CoStar Group Submits Revised Proposal to Acquire CoreLogic with Increased Value and Improved Certainty of Closing
Today, CoStar Group, Inc. (NASDAQ: CSGP) delivered a letter to the Board of Directors of CoreLogic (NYSE: CLGX) setting forth the terms of a revised proposal by CoStar Group to acquire 100% of the equity interests of CoreLogic. Under the terms of the new proposal, CoreLogic shareholders would receive $6.00 per share in cash and 0.1019 shares of CoStar Group common stock in exchange for each share of CoreLogic common stock, representing a value of approximately $90 per share based on CoStar Group’s closing share price on February 26, 2021 and approximately $97 per share based on the latest 30-day volume-weighted average CoStar share price. The new offer represents a $17 per share improvement over the Stone Point and Insight offer, which is equivalent to over $1.25 billion more in aggregate value. The Stone Point and Insight offer now represents a 6% discount to CoreLogic’s latest closing price of $84.66, while the CoStar Group offer represents a 15% premium and implies pro forma diluted ownership of approximately 16.2% in the combined entity and $450 million in cash for current CoreLogic stockholders.

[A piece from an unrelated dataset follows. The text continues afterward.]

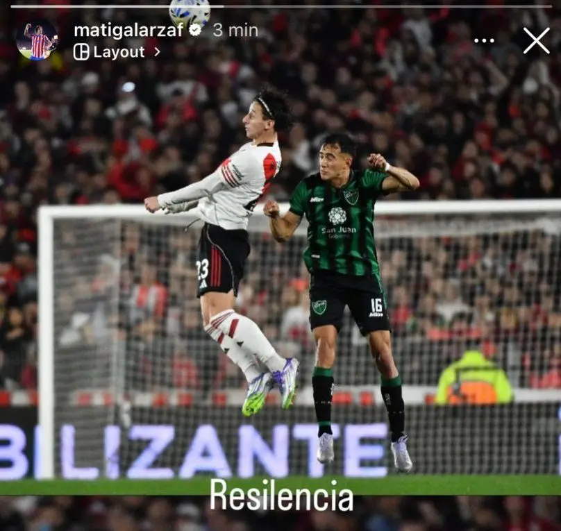 Instantes después de la victoria ante, Galarza compartió una imagen suya peleando una pelota en el área, pero lo más llamativo fue la palabra que eligió para acompañar la foto: “Resilencia”. Rápidamente, los hinchas notaron que dicha palabra estaba mal escrita, ya que es “Resiliencia”. Esto causó un gran revuelo en las redes sociales, donde algunos fanáticos tomaron su error de ortografía como puerta de entrada para seguir criticándolo por no haber demostrado estar a la altura desde que comenzó a vestir el Manto Sagrado.

The following is a copy of the letter that CoStar Group delivered to the Board of Directors of CoreLogic on March 1, 2021:
Dear CoreLogic Board Members:
We write to provide you with updated terms of a negotiated transaction, which we are confident constitute a “Superior Proposal” under your existing agreement with Stone Point Capital and Insight Partners (the “SPC Agreement”). Since your announcement of the SPC Agreement and our previous letter to you on February 16, 2021, your stock price has remained well above the SPC Agreement’s $80 per share price. Clearly, your stockholders are holding firm to their support for a transaction between our two companies over the SPC Agreement.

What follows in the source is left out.